Exercise
When you print the records below, keep every word exact and leave out the images.

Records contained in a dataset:
- Opening Delimiter -

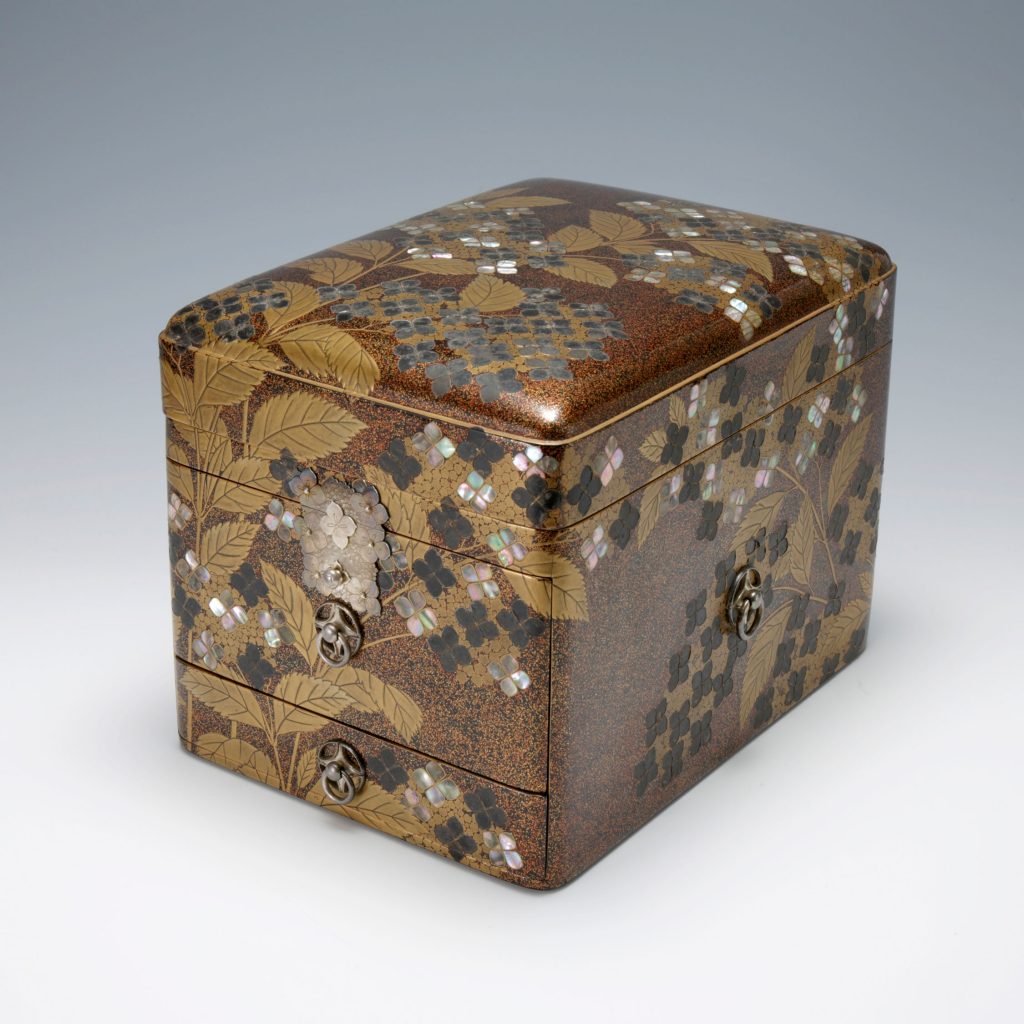 江戶時代初期《時代紫陽花十種香箱》則是分為上中下三層的十種香盒。連抽屜的金屬零件也為銀製,豪華至極的配置可見製作細緻程度之高。香箱的整體設計以紫陽花為主題,花瓣施有螺鈿。撇除因為年代久遠而能看到一些剝落的痕跡,本作通過使用日本常見品種的紫陽花作為裝飾,將日本近世初期的純正和風感覺完整地保留了下來。人們賦予了紫陽花各種各樣的花語,因其即使在久雨時節也能維持盛開狀態,有「忍耐力強」之意。此外,因為一朵花有很多花瓣,故亦有「家族團聚」吉祥寓意。
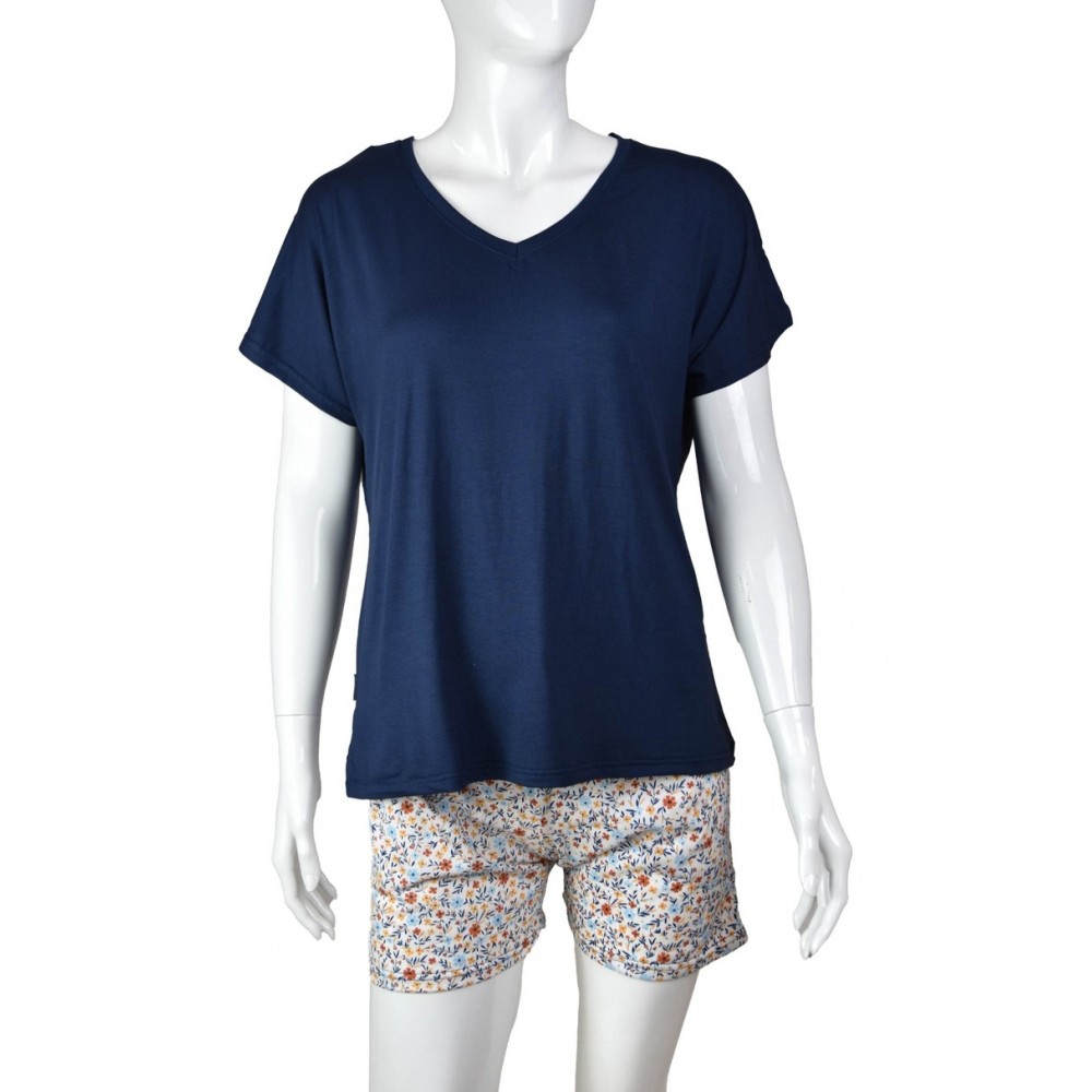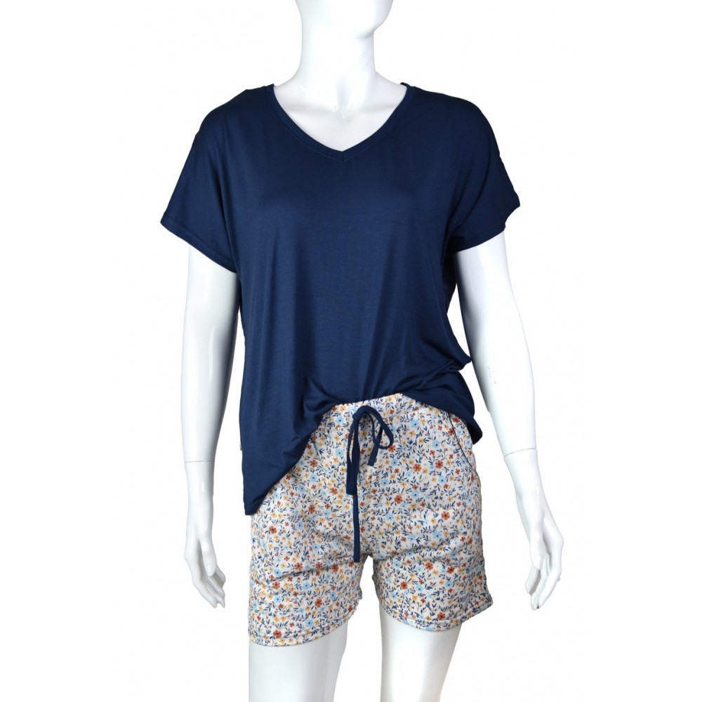 Жіноча піжама з короткими рукавами та шортами. Однотонний топ у поєднанні з квітковими шортами.
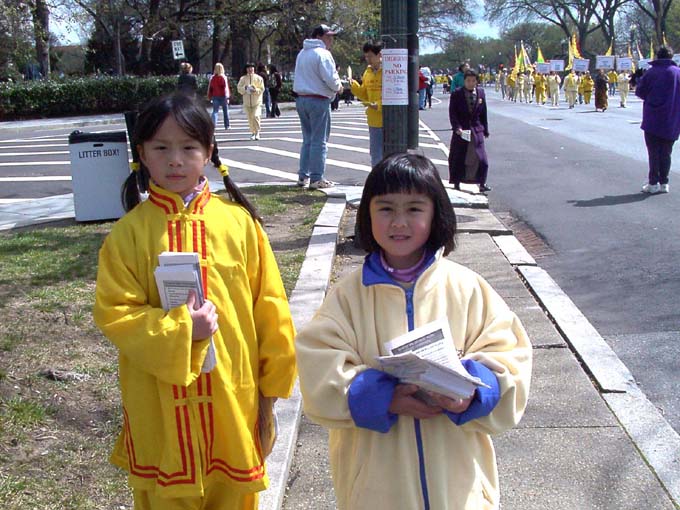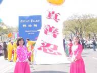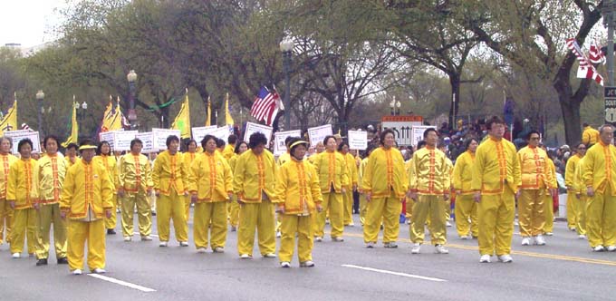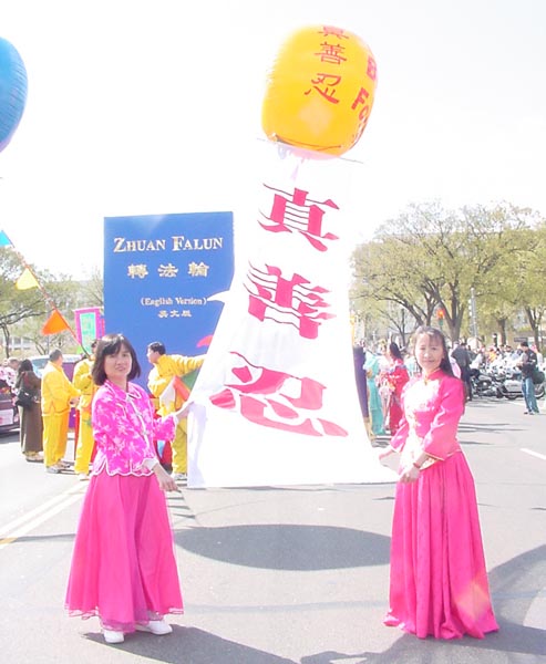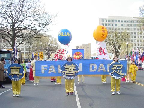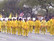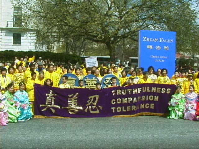 从上午8点左右开始,六、七十支游行队伍、数千人在美国国会山庄前的大草坪上集会,整列队伍。法轮功学员也纷纷搭好了花车、竖起了横幅,格外醒目。游行中,学员们随着优美的炼功音乐,边走边演示着动作舒展协调的功法,赢得了一路上数万观众的掌声。与往年不同的是,这次的游行增添了不少文化特色:来自加州的由学员自发组成的舞蹈队身着粉色衣裙,随着普度音乐翩翩起舞,格外引人注目,所到之处掌声不断。数十块用各国文字写着“真善忍”的小展板向世人展示了大法在世界几十个国家的洪传。一些女学员身着色彩缤纷的中国传统服装,韩裔、印度裔学员身着本国民族服装,吸引了众多观众争相要求合影并主动询问有关法轮功的情况、索要资料。队伍中更有舞龙表演,为人们带来喜庆和欢悦。学员们祥和的问候与慈悲的笑容,浸沁着人们的心灵,给人们带来了“佛光普照,礼义圆明”的震撼。观众们纷纷伸出大拇指:“你们真美好!”队伍行经主席台,主持人热情、全面地介绍了法轮功,观众们再次报以热烈的掌声。
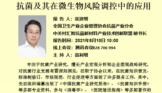 2021年8月10日,全国卫生产业企业管理协会抗菌产业分会暨中关村汇智抗菌新材料产业技术创新联盟(CIAA)秘书长张迎增应工程实验室邀请作了题为“抗菌及其在微生物风险调控中的应用”的专题报...
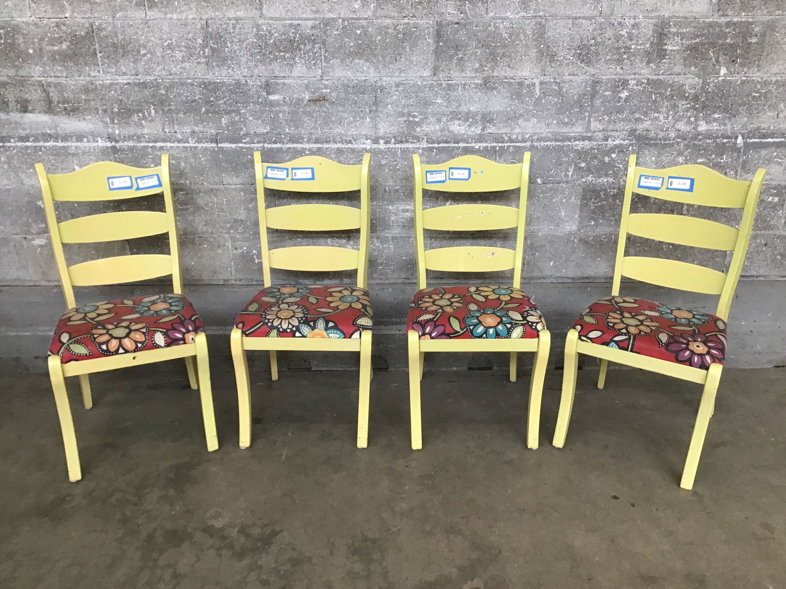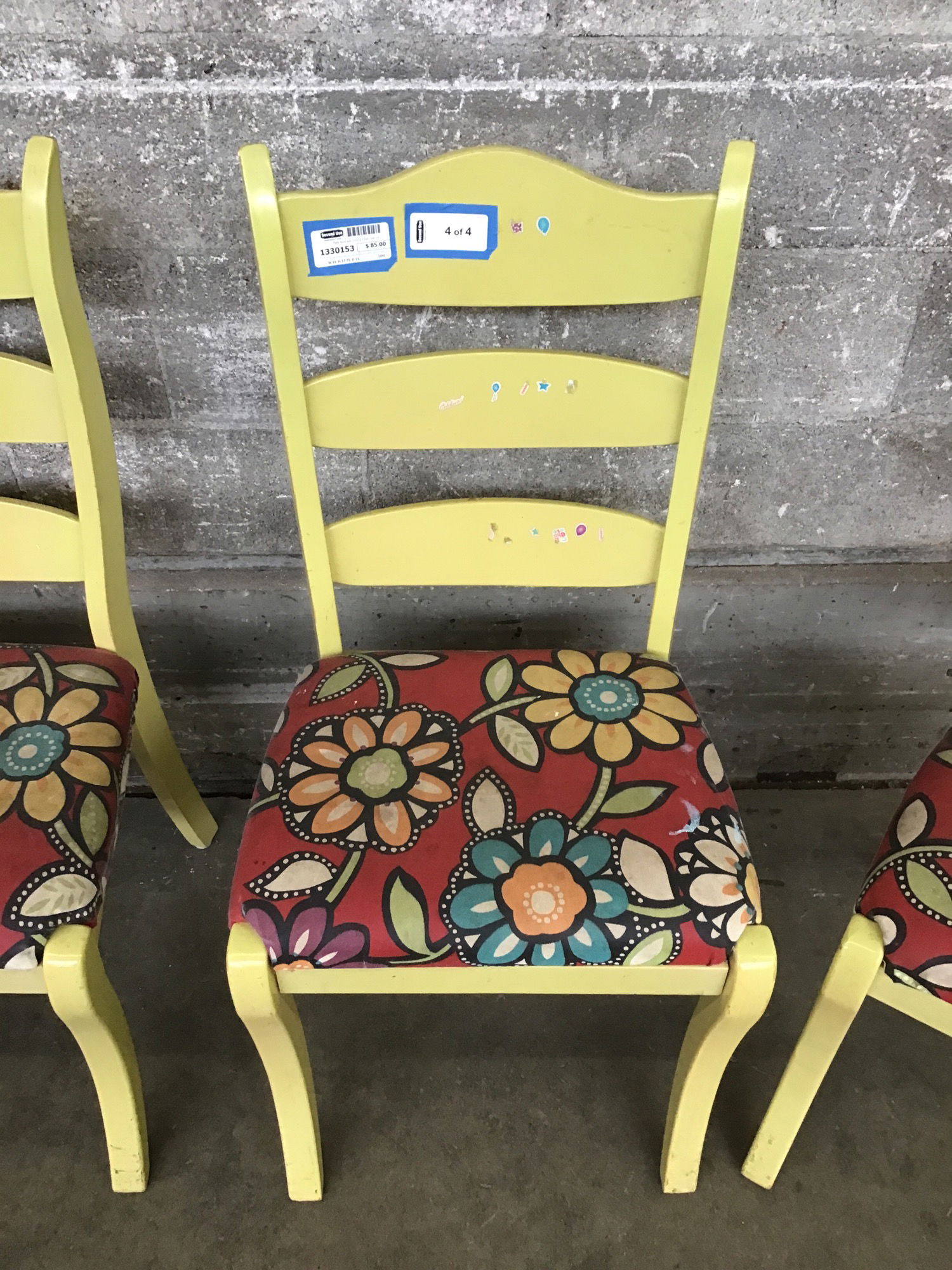 This set of four dining chairs feature a solid wood frame, a pale avocado green painted finish and soft upholstered red seat cushion with multicolor floral motifs. This dining chair set would look great in a sunny home that appreciates plants.

- Closing Delimiter -

Exercise solution
 江戶時代初期《時代紫陽花十種香箱》則是分為上中下三層的十種香盒。連抽屜的金屬零件也為銀製,豪華至極的配置可見製作細緻程度之高。香箱的整體設計以紫陽花為主題,花瓣施有螺鈿。撇除因為年代久遠而能看到一些剝落的痕跡,本作通過使用日本常見品種的紫陽花作為裝飾,將日本近世初期的純正和風感覺完整地保留了下來。人們賦予了紫陽花各種各樣的花語,因其即使在久雨時節也能維持盛開狀態,有「忍耐力強」之意。此外,因為一朵花有很多花瓣,故亦有「家族團聚」吉祥寓意。
 Жіноча піжама з короткими рукавами та шортами. Однотонний топ у поєднанні з квітковими шортами.
 从上午8点左右开始,六、七十支游行队伍、数千人在美国国会山庄前的大草坪上集会,整列队伍。法轮功学员也纷纷搭好了花车、竖起了横幅,格外醒目。游行中,学员们随着优美的炼功音乐,边走边演示着动作舒展协调的功法,赢得了一路上数万观众的掌声。与往年不同的是,这次的游行增添了不少文化特色:来自加州的由学员自发组成的舞蹈队身着粉色衣裙,随着普度音乐翩翩起舞,格外引人注目,所到之处掌声不断。数十块用各国文字写着“真善忍”的小展板向世人展示了大法在世界几十个国家的洪传。一些女学员身着色彩缤纷的中国传统服装,韩裔、印度裔学员身着本国民族服装,吸引了众多观众争相要求合影并主动询问有关法轮功的情况、索要资料。队伍中更有舞龙表演,为人们带来喜庆和欢悦。学员们祥和的问候与慈悲的笑容,浸沁着人们的心灵,给人们带来了“佛光普照,礼义圆明”的震撼。观众们纷纷伸出大拇指:“你们真美好!”队伍行经主席台,主持人热情、全面地介绍了法轮功,观众们再次报以热烈的掌声。
 2021年8月10日,全国卫生产业企业管理协会抗菌产业分会暨中关村汇智抗菌新材料产业技术创新联盟(CIAA)秘书长张迎增应工程实验室邀请作了题为“抗菌及其在微生物风险调控中的应用”的专题报...
 This set of four dining chairs feature a solid wood frame, a pale avocado green painted finish and soft upholstered red seat cushion with multicolor floral motifs. This dining chair set would look great in a sunny home that appreciates plants.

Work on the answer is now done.